**Provided data:**

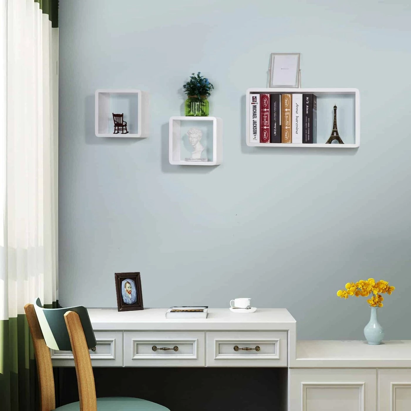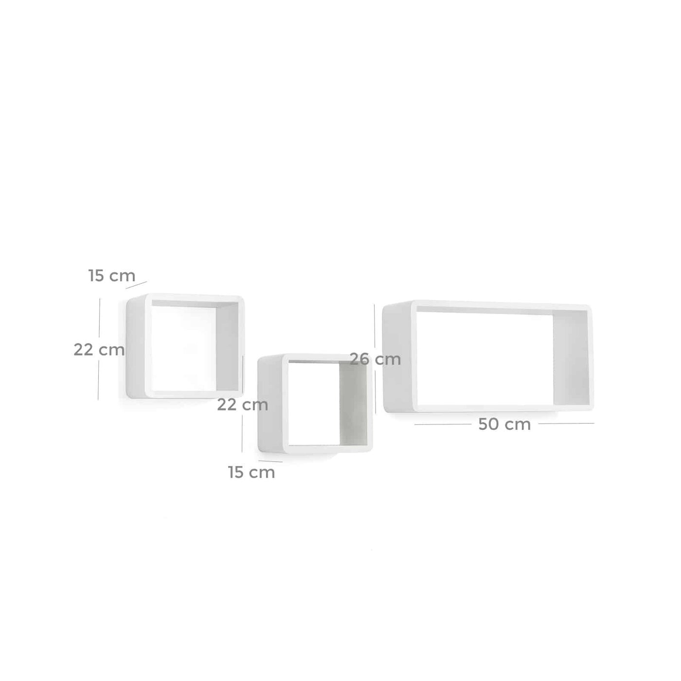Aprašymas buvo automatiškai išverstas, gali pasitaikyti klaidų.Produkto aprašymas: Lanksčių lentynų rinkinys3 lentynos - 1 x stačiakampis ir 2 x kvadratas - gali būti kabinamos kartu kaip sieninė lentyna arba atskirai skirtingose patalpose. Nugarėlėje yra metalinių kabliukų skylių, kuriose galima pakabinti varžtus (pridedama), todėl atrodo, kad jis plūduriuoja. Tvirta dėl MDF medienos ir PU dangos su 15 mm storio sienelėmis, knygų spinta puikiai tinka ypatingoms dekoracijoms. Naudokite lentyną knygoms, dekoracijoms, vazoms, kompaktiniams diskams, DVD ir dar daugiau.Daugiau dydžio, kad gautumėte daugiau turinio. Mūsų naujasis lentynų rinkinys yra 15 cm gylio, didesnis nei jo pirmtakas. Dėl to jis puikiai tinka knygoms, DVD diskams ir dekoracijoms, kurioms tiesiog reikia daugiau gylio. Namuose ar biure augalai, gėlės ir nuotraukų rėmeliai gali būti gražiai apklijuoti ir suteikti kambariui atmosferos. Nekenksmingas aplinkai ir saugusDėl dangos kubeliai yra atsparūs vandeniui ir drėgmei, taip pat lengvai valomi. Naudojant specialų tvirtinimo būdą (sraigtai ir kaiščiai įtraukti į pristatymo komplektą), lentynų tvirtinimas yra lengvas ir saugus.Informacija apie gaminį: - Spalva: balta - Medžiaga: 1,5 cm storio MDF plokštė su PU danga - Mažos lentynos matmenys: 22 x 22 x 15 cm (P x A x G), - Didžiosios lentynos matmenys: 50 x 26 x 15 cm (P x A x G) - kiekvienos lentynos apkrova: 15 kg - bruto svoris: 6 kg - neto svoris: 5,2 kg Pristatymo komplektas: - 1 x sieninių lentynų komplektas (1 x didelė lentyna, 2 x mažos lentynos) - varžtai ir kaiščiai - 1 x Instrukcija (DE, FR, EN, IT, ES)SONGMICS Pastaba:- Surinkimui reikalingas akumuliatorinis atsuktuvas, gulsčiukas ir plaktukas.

* * *

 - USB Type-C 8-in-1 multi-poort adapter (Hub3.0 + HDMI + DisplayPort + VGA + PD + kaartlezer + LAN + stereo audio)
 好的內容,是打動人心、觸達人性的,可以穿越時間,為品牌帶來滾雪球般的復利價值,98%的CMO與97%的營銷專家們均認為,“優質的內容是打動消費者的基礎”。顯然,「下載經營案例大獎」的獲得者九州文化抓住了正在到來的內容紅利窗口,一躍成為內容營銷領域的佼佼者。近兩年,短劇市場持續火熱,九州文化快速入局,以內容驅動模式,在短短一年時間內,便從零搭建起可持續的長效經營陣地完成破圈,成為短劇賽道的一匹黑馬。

**Your goal:** For the material above, reproduce exactly the lines from the line with "- USB Type-C" to the line with "好的內容,是打動人心、觸達人", inclusive, and exclude all others.

**Reply:**
 - USB Type-C 8-in-1 multi-poort adapter (Hub3.0 + HDMI + DisplayPort + VGA + PD + kaartlezer + LAN + stereo audio)
 好的內容,是打動人心、觸達人性的,可以穿越時間,為品牌帶來滾雪球般的復利價值,98%的CMO與97%的營銷專家們均認為,“優質的內容是打動消費者的基礎”。顯然,「下載經營案例大獎」的獲得者九州文化抓住了正在到來的內容紅利窗口,一躍成為內容營銷領域的佼佼者。近兩年,短劇市場持續火熱,九州文化快速入局,以內容驅動模式,在短短一年時間內,便從零搭建起可持續的長效經營陣地完成破圈,成為短劇賽道的一匹黑馬。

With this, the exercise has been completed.